EXERCISE INSTRUCTIONS —
Reproduce the whole of the records exactly, and make sure no picture is carried into the result.

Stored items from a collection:
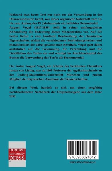 August Vogel (1817-1889) stellt in seiner umfangreichen Abhandlung die Bedeutung dieses Moorextraktes vor. Auf 175 Seiten liefert er eine fundierte Beschreibung der chemischen Eigenschaften, erklärt die verschiedenen Bearbeitungsweisen und charakterisiert die dabei gewonnenen Resultate. Vogel geht dabei ausführlich auf die Gewinnung, die Verkohlung und die Destillation des Torfes ein und würdigt im Abschlusskapitel des Buches die Verwendung des Torfes als Brennmaterial.
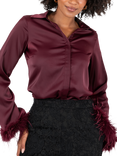 Lovedrobe Feather Cuff Satin Shirt, Black, Black
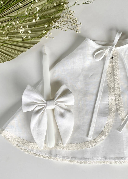 Krikštynų galvajuostė su kaspinu - baltas linas (Mažas)
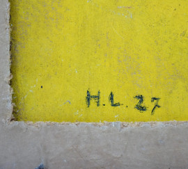 Composizione geometrica, tecnica mista su compensato, cm 32,5x28,5, siglato H.L., entro cornice.
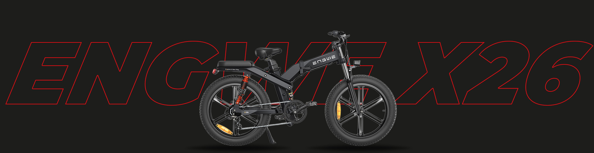 ENGWE X26 är byggd för en smidig och säker körning och har ett trippelfjädringssystem med hydraulisk framgaffel, mekanisk mellandämpare och pneumatisk bakdämpare. Tillsammans med 26" x 4,0" feta däck absorberar den stötar från grus, snö och sand, vilket ger maximal komfort i alla terränger.
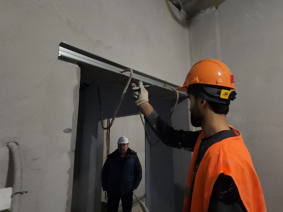 «Возведение внутренних перегородок практически закончено — осталась лишь одна, в новой электрощитовой комнате. Параллельно мы ведем электромонтажные и сантехнические работы, монтируем систему отопления и водопровод», — рассказал начальник участка подрядной компании Андрей Устеменко.
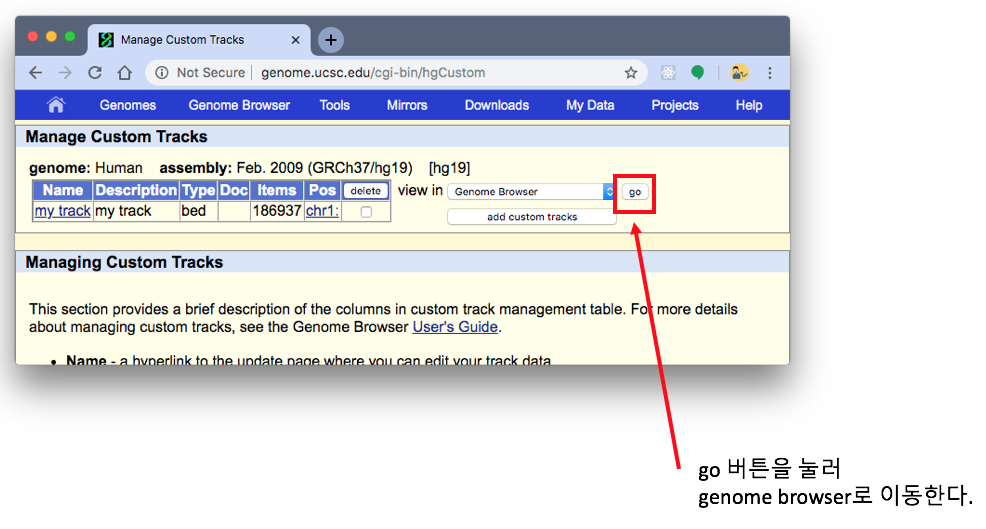 8) go 버튼을 눌러 genome browser로 이동한다.
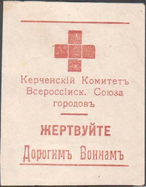 1916 г. Разм. 39 х 52 мм. Одноцветная печать на желтоватой бумаге. В двойной декоративной рамке сверху красный крест. В центре текст в три строки: «Керченский Комитет Всероссийского Союза Городов». Ниже текст в две строки: «Жертвуйте Дорогим Воинам».

OUTPUT BELOW —
 August Vogel (1817-1889) stellt in seiner umfangreichen Abhandlung die Bedeutung dieses Moorextraktes vor. Auf 175 Seiten liefert er eine fundierte Beschreibung der chemischen Eigenschaften, erklärt die verschiedenen Bearbeitungsweisen und charakterisiert die dabei gewonnenen Resultate. Vogel geht dabei ausführlich auf die Gewinnung, die Verkohlung und die Destillation des Torfes ein und würdigt im Abschlusskapitel des Buches die Verwendung des Torfes als Brennmaterial.
 Lovedrobe Feather Cuff Satin Shirt, Black, Black
 Krikštynų galvajuostė su kaspinu - baltas linas (Mažas)
 Composizione geometrica, tecnica mista su compensato, cm 32,5x28,5, siglato H.L., entro cornice.
 ENGWE X26 är byggd för en smidig och säker körning och har ett trippelfjädringssystem med hydraulisk framgaffel, mekanisk mellandämpare och pneumatisk bakdämpare. Tillsammans med 26" x 4,0" feta däck absorberar den stötar från grus, snö och sand, vilket ger maximal komfort i alla terränger.
 «Возведение внутренних перегородок практически закончено — осталась лишь одна, в новой электрощитовой комнате. Параллельно мы ведем электромонтажные и сантехнические работы, монтируем систему отопления и водопровод», — рассказал начальник участка подрядной компании Андрей Устеменко.
 8) go 버튼을 눌러 genome browser로 이동한다.
 1916 г. Разм. 39 х 52 мм. Одноцветная печать на желтоватой бумаге. В двойной декоративной рамке сверху красный крест. В центре текст в три строки: «Керченский Комитет Всероссийского Союза Городов». Ниже текст в две строки: «Жертвуйте Дорогим Воинам».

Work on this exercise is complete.